**WORK INSTRUCTION**
Reproduce all the data exactly, without pictures.
INFORMATION PROVIDED: Begin
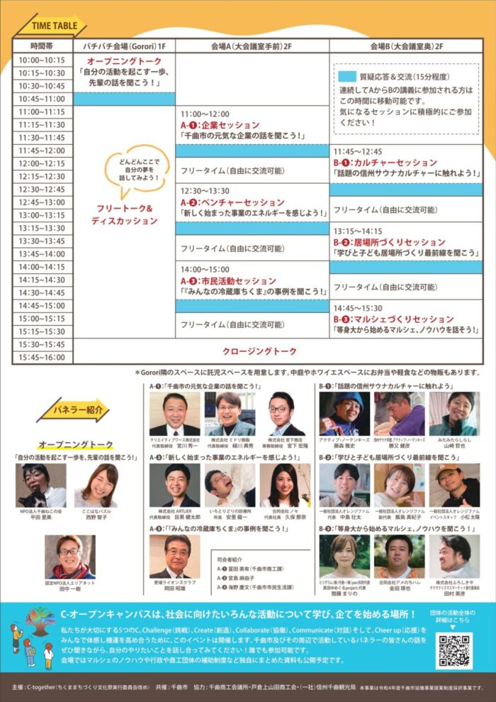 C-OPEN CAMPUSは千曲市(一部、周辺自治体を含む)で活動する市民団体や企業がこれまでの成果を発表する場です。登壇者が所属する団体の形式はさまざまでNPO法人や一般社団法人、株式会社や経営者団体(ライオンズクラブ)まで多種多様な意見が一日で聞ける貴重なイベントでした。
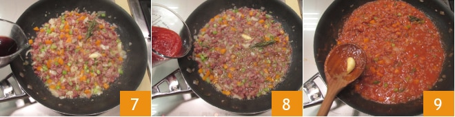 Pasados 5 minutos podéis desglasar con el vino 7 y dejar que se evapore, antes de añadir también el puré de tomate 8. Mezclad, bajad el fuego y quitad el ajo 9.
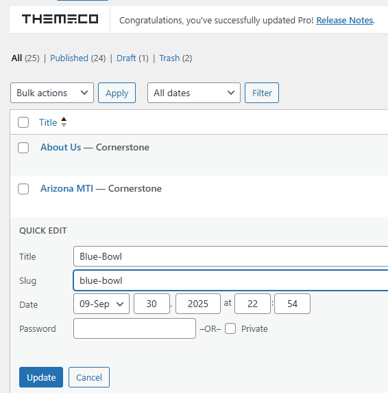 I have 2 galleries. The one named Clients works as intended but the one named Restaurants, when the image is clicked it will not open the page. I have only one page at the moment named blue-bowl but when I click the image it opens the picture instead of going to the url. In the tray it shows the correct url. I am using the slug as the url, /blue-bowl/
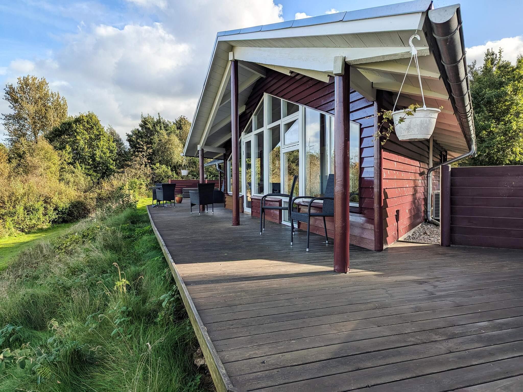 Og: Terrasse, overd. terrasse, el-varme, luft/luft varmepumpe, havegrill, naturgrund 3000 m2, komfortabel møblering, panoramaudsigt over vand, ikke-ryger hus
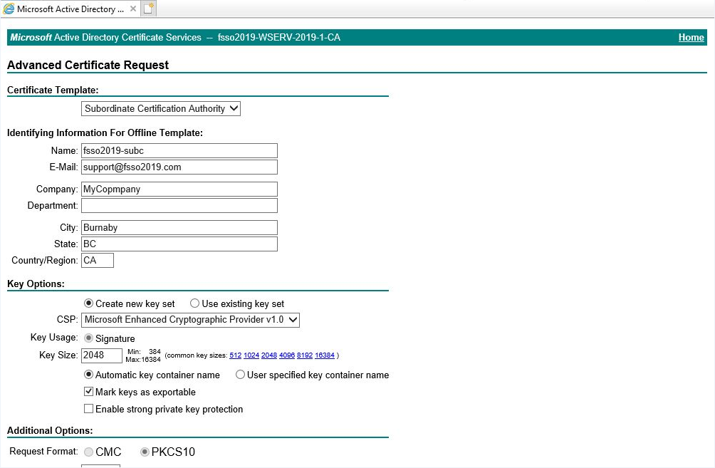- For the Certificate Template, select Subordinate Certification Authority.
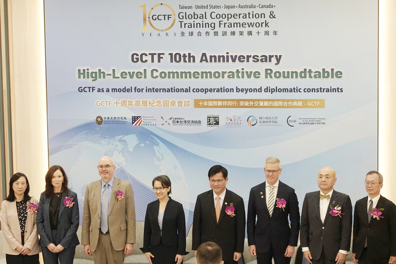 全球合作暨訓練架構(GCTF)成立10週年圓桌論壇23日登場,副總統蕭美琴(左4)、外交部長林佳龍、美國在台協會(AIT)處長谷立言(Raymond Greene,左3)、日本台灣交流協會代表片山和之(右2)、澳洲駐台代表馮國斌(Robert Niel Fergusson)(右3)以及加拿大駐台代表何曼麗(Marie-Louise Hannan)(左2)出席與會。(中央社記者楊堯茹攝)
INFORMATION PROVIDED: End
**WORKED SOLUTION**
 C-OPEN CAMPUSは千曲市(一部、周辺自治体を含む)で活動する市民団体や企業がこれまでの成果を発表する場です。登壇者が所属する団体の形式はさまざまでNPO法人や一般社団法人、株式会社や経営者団体(ライオンズクラブ)まで多種多様な意見が一日で聞ける貴重なイベントでした。
 Pasados 5 minutos podéis desglasar con el vino 7 y dejar que se evapore, antes de añadir también el puré de tomate 8. Mezclad, bajad el fuego y quitad el ajo 9.
 I have 2 galleries. The one named Clients works as intended but the one named Restaurants, when the image is clicked it will not open the page. I have only one page at the moment named blue-bowl but when I click the image it opens the picture instead of going to the url. In the tray it shows the correct url. I am using the slug as the url, /blue-bowl/
 Og: Terrasse, overd. terrasse, el-varme, luft/luft varmepumpe, havegrill, naturgrund 3000 m2, komfortabel møblering, panoramaudsigt over vand, ikke-ryger hus
- For the Certificate Template, select Subordinate Certification Authority.
 全球合作暨訓練架構(GCTF)成立10週年圓桌論壇23日登場,副總統蕭美琴(左4)、外交部長林佳龍、美國在台協會(AIT)處長谷立言(Raymond Greene,左3)、日本台灣交流協會代表片山和之(右2)、澳洲駐台代表馮國斌(Robert Niel Fergusson)(右3)以及加拿大駐台代表何曼麗(Marie-Louise Hannan)(左2)出席與會。(中央社記者楊堯茹攝)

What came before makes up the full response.